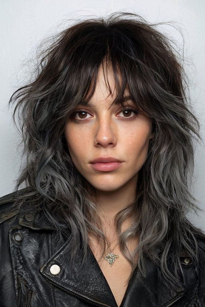 Jagged layers splay unpredictably over shoulders. Curtain bangs slice dramatically across temples.
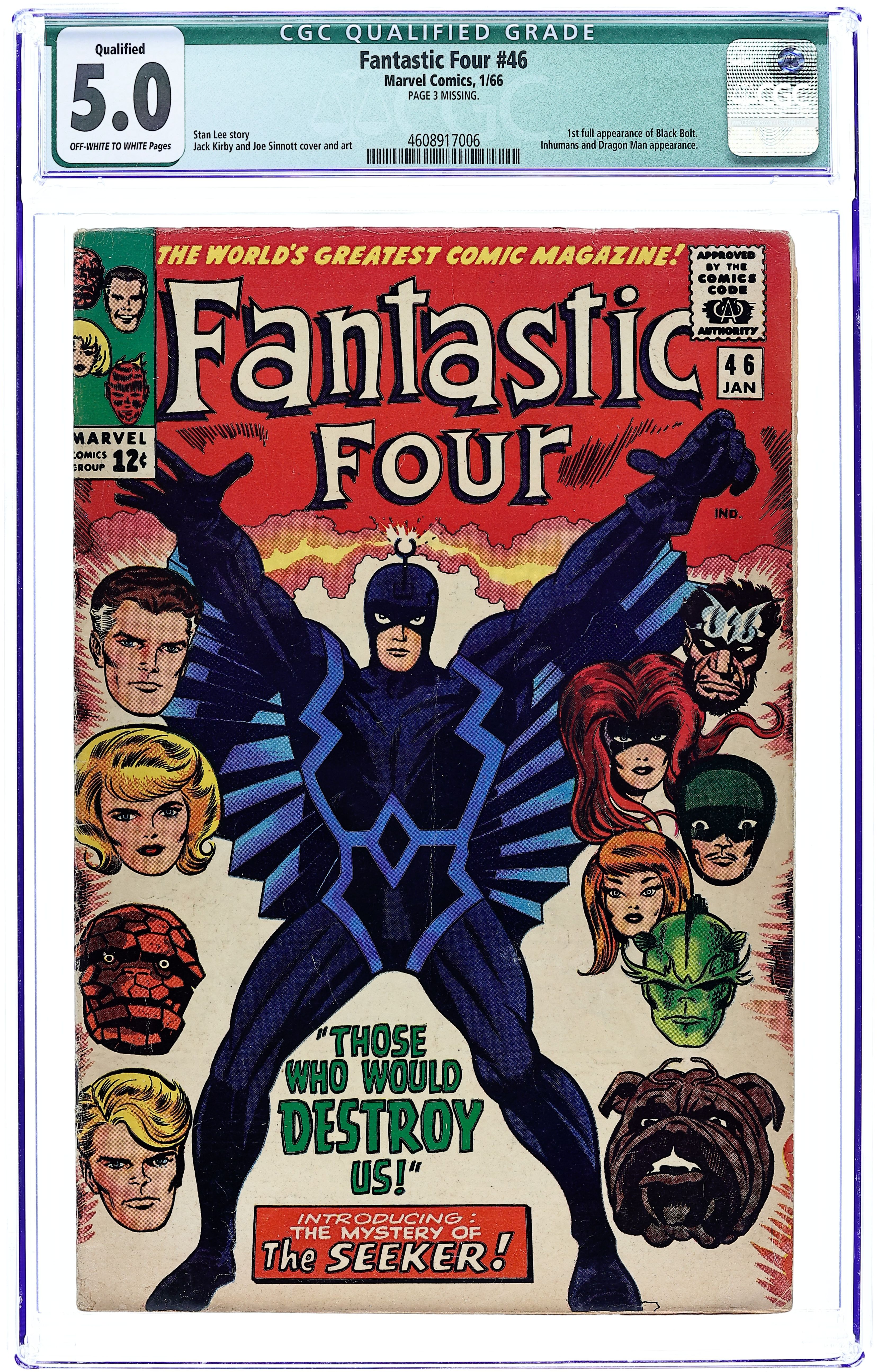 Starts Mar 9 Cover pencils by Jack Kirby, inks by Joe Sinnott. Second appearance of the Inhumans (first Black Bolt cover and full appearance) in Those Who Would Destroy Us!, script by Stan Lee, pencils by Jack Kirby, inks by Joe Sinnott; The FF battle the Inhumans; Triton is captured by the Seeker and the Inhumans teleport away; The FF are captured by the Seeker as they attempt to free Triton. Dragon Man appearance. 36 pgs. $0.12. Cover price $0.12.
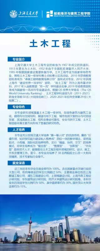 目前设有土木工程一级学科博士点和博士后流动站。“岩土工程”2007年被批准为上海市重点学科,土木工程专业2008年被评为国家特色专业。土木工程专业连续三次通过国家住房与城乡建设部的专业评估,2009年第三次评估获得8年复评的优秀成绩。2010 年获教育部批准成为 “卓越工程师教育培养计划”首批试点专业。2012年获得上海市建设世界一流学科项目资助。恢复建系近30年来,交大土木工程专业发展迅速,据2013年英国QS世界大学排名,禁漫
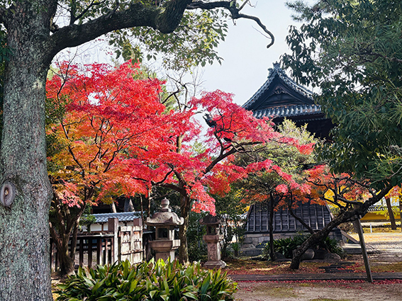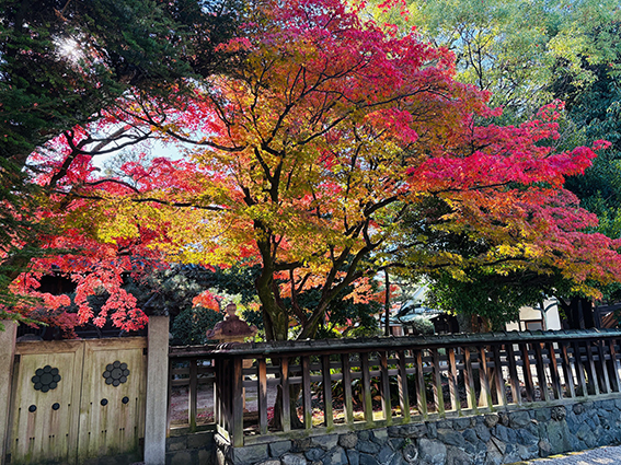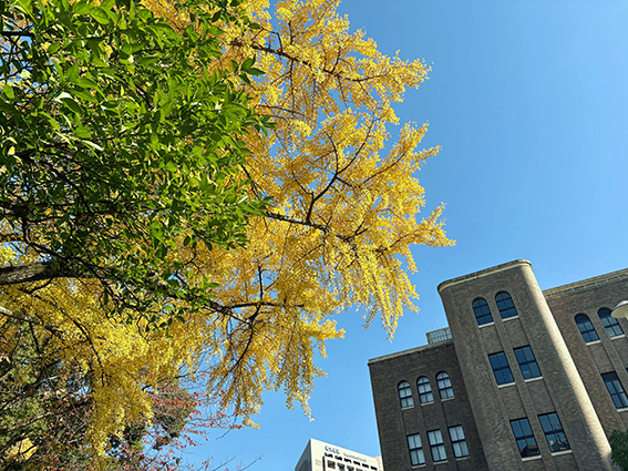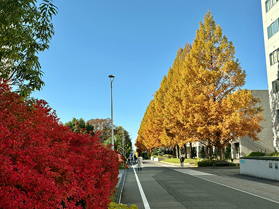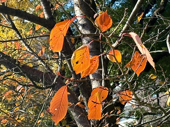 日当たりのよい緑地南側の一部だけ紅葉が進んでいる
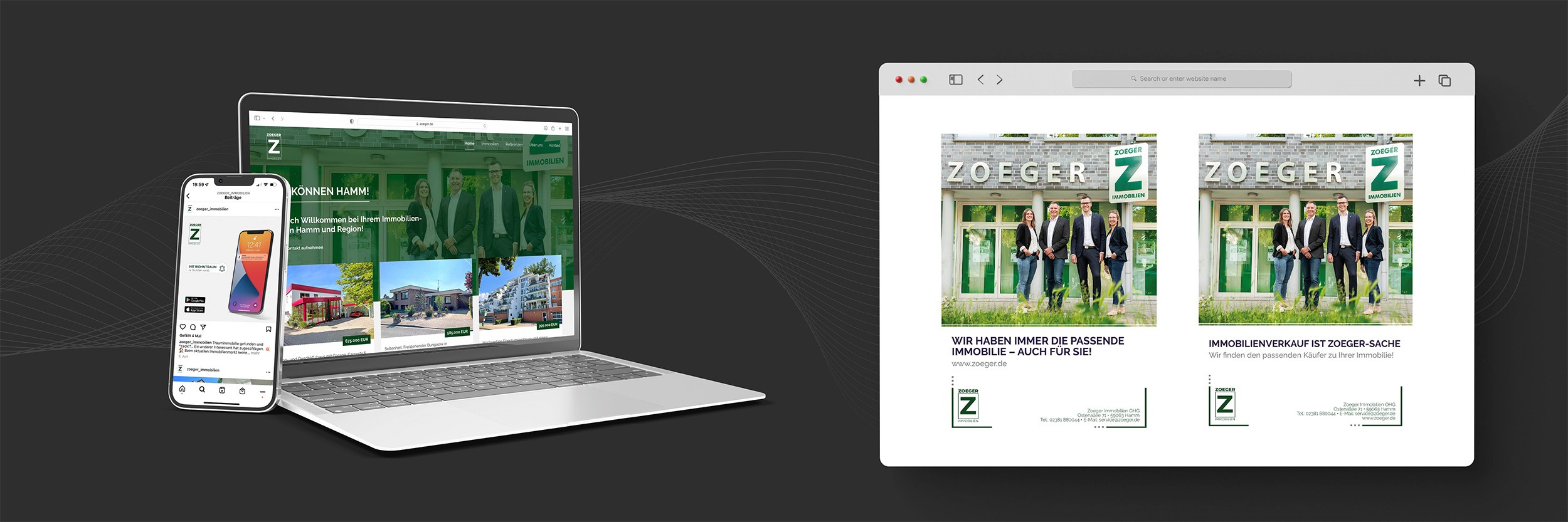 Wenn es um Einfamilien- und Mehrfamilienhäuser, Eigentumswohnungen, Gewerbeimmobilien, Kapitalanlagen oder Grundstücke geht, treffen Sie mit Zoeger Immobilien in Hamm und Umgebung immer die richtige Wahl. Seit 2020 betreut das PBM-Team den in Hamm ansässigen und bekannten Immobilienmakler ganzheitlich im Marketing. Auch Zoeger Immobilien entschied sich 2020 für die beliebte Gessamtbetreuung – dem kompromisslosen Komplettpaket. Dadurch wird auf alle Leistungen rund um die Bereiche Webdesign, Design, Foto- und Filmaufnahmen und Social Media zurückgegriffen.
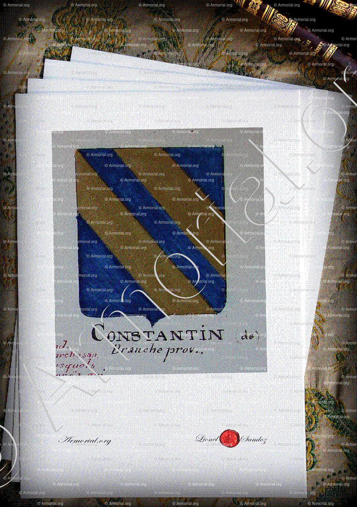 1. Un magnifique fac-similé aquarellé sur papier Vélin d’Arches (format A4) de ce blason
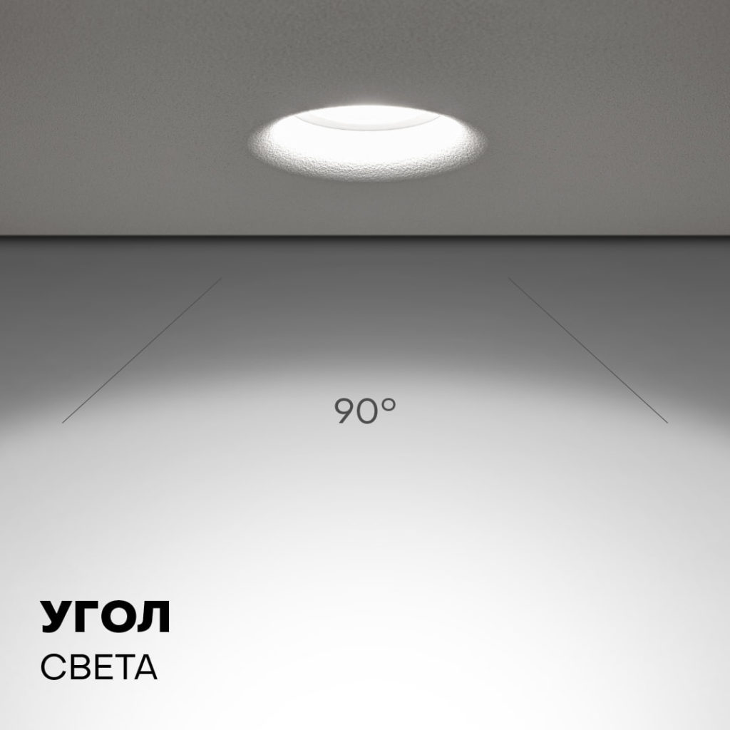 Угол светового пучка светильника — 90С. Монтаж занимает пару минут и не требует дополнительных закладных. Рекомендуем использовать для устройства лампы с цоколем GU10 мощностью до 9 Вт.
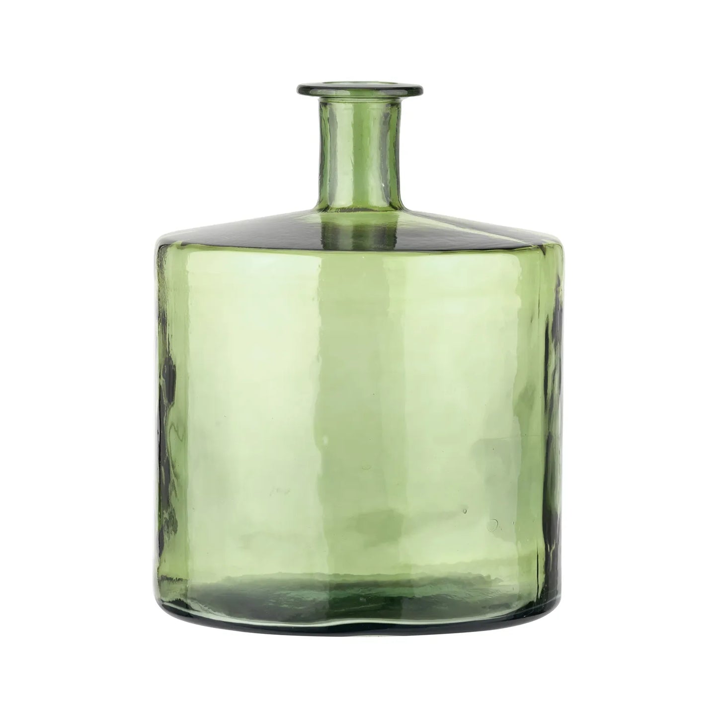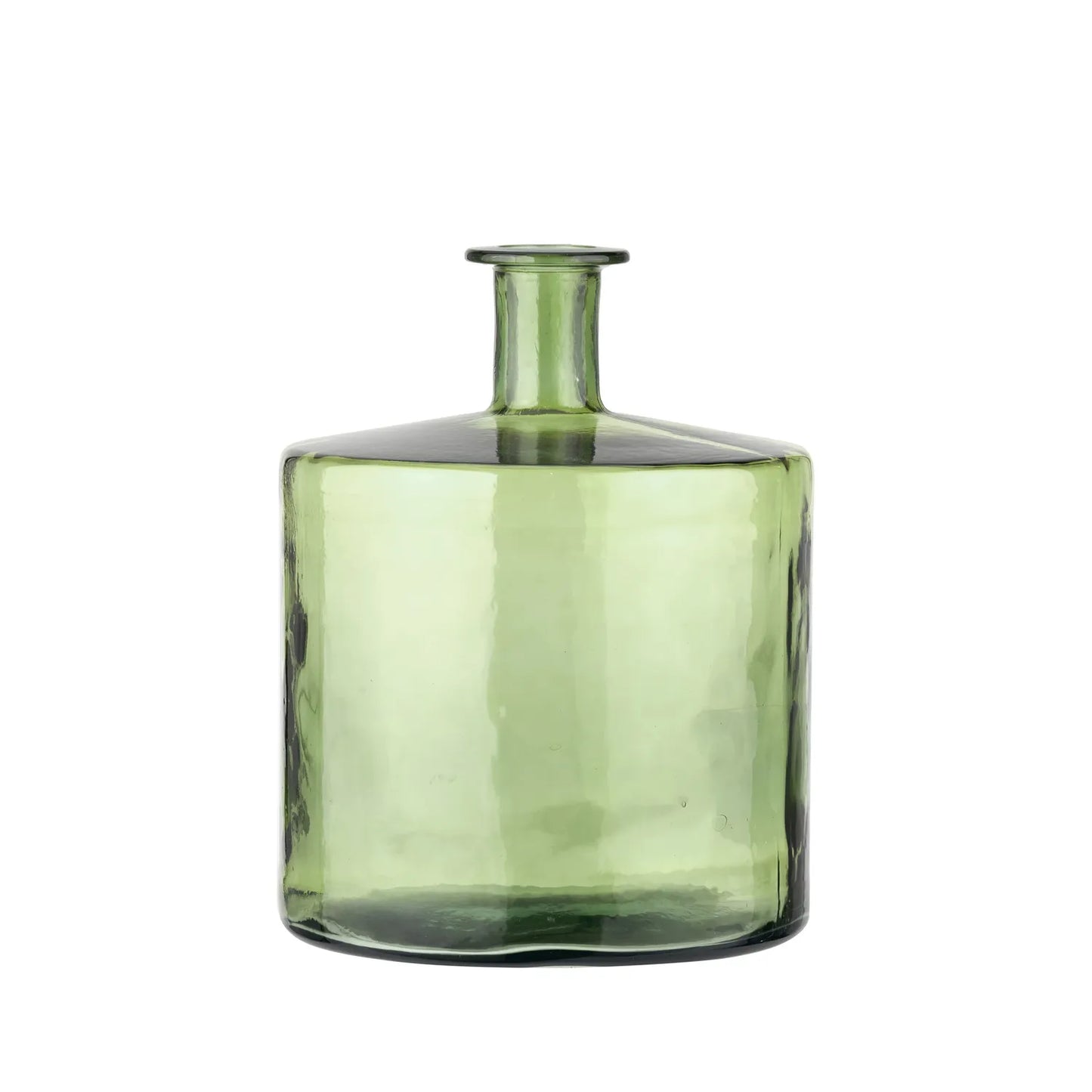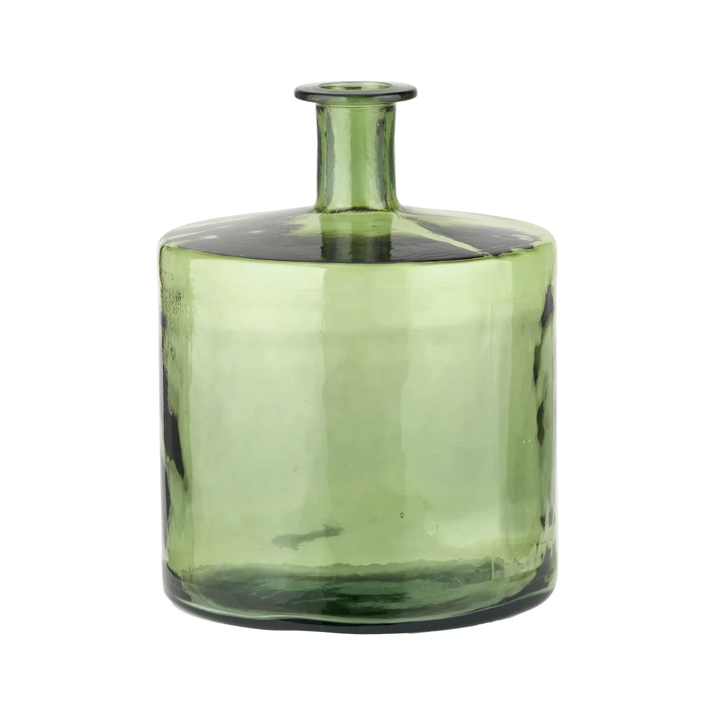 This striking forest green recycled glass bottle vase is floor-standing, adding a lush pop of colour to your home. The large glass vase captures the light and softens any space with its smooth, green tint and sustainable, recycled glass.
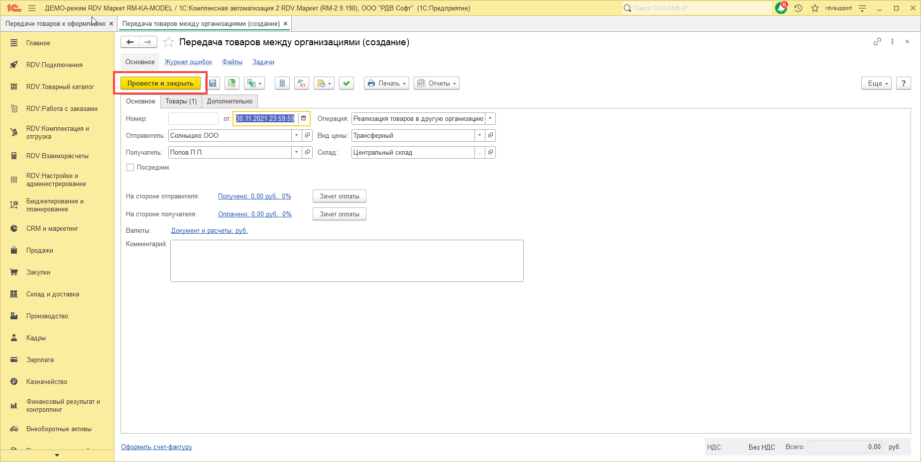 В сформированном документе необходимо проверить товары, количество и цены, после чего нажать "Провести и закрыть":
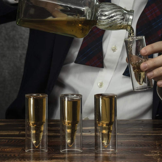Set 6 Vaso Shot en Forma de Bala de Vidrio Resistente al Calor de Doble Capa Transparente
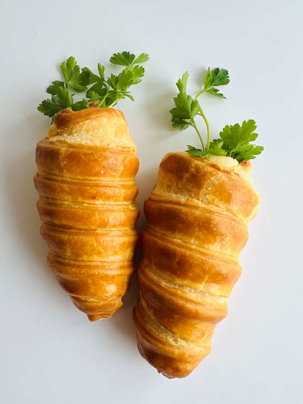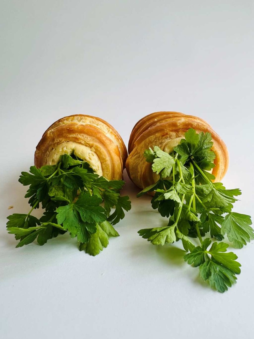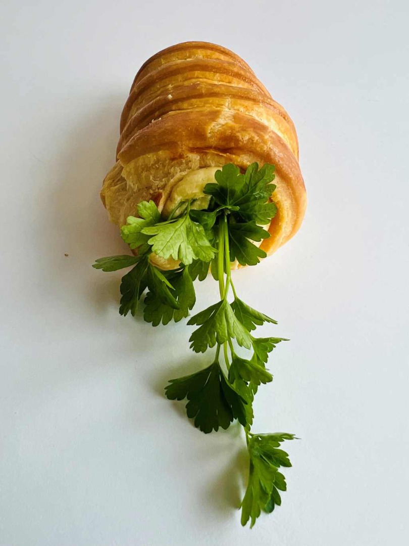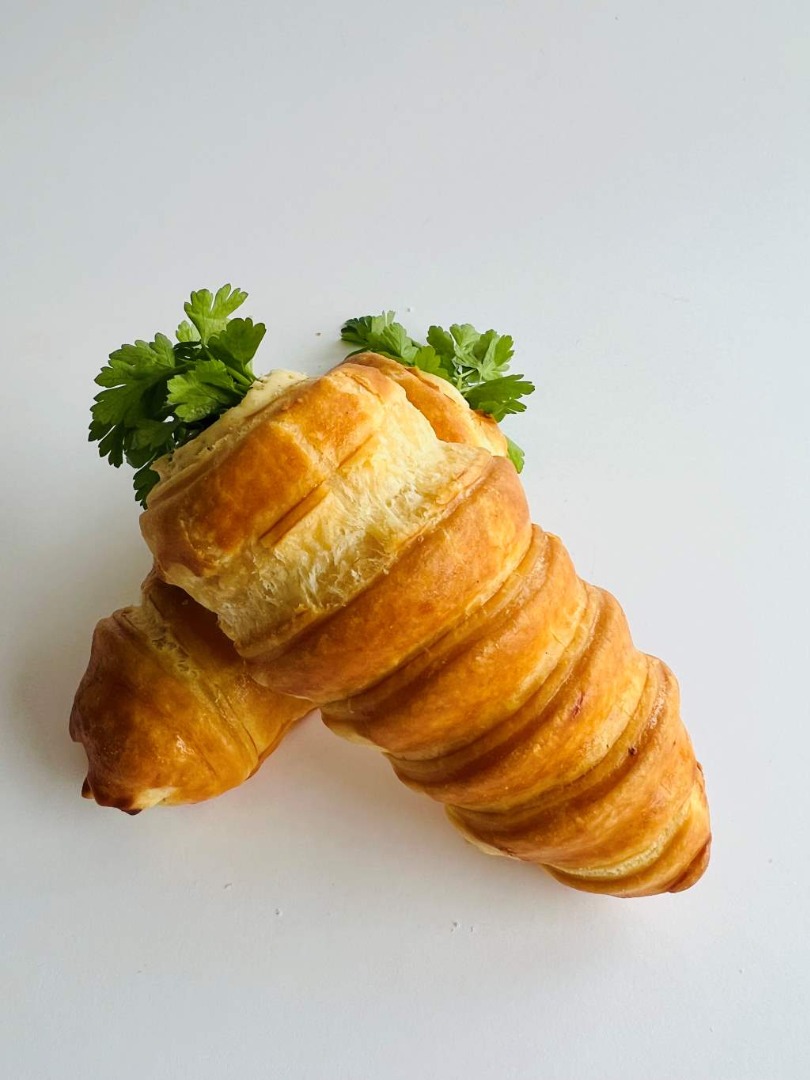 Valódi vajas, leveles tészta, benne tojásból főzött, vajjal habosított krém, és rengeteg sajt, amitől minden falat telt, krémes és emlékezetes.A játékos forma végén friss, zöld petrezselyemből készült „répalevél” teszi teljessé az élmény.

##########

What is being asked: Every line from the one containing "Set 6 Vaso Shot" through the final line of the records above is to be written out exactly; nothing else, and no pictures.

Exercise response:
Set 6 Vaso Shot en Forma de Bala de Vidrio Resistente al Calor de Doble Capa Transparente
 Valódi vajas, leveles tészta, benne tojásból főzött, vajjal habosított krém, és rengeteg sajt, amitől minden falat telt, krémes és emlékezetes.A játékos forma végén friss, zöld petrezselyemből készült „répalevél” teszi teljessé az élmény.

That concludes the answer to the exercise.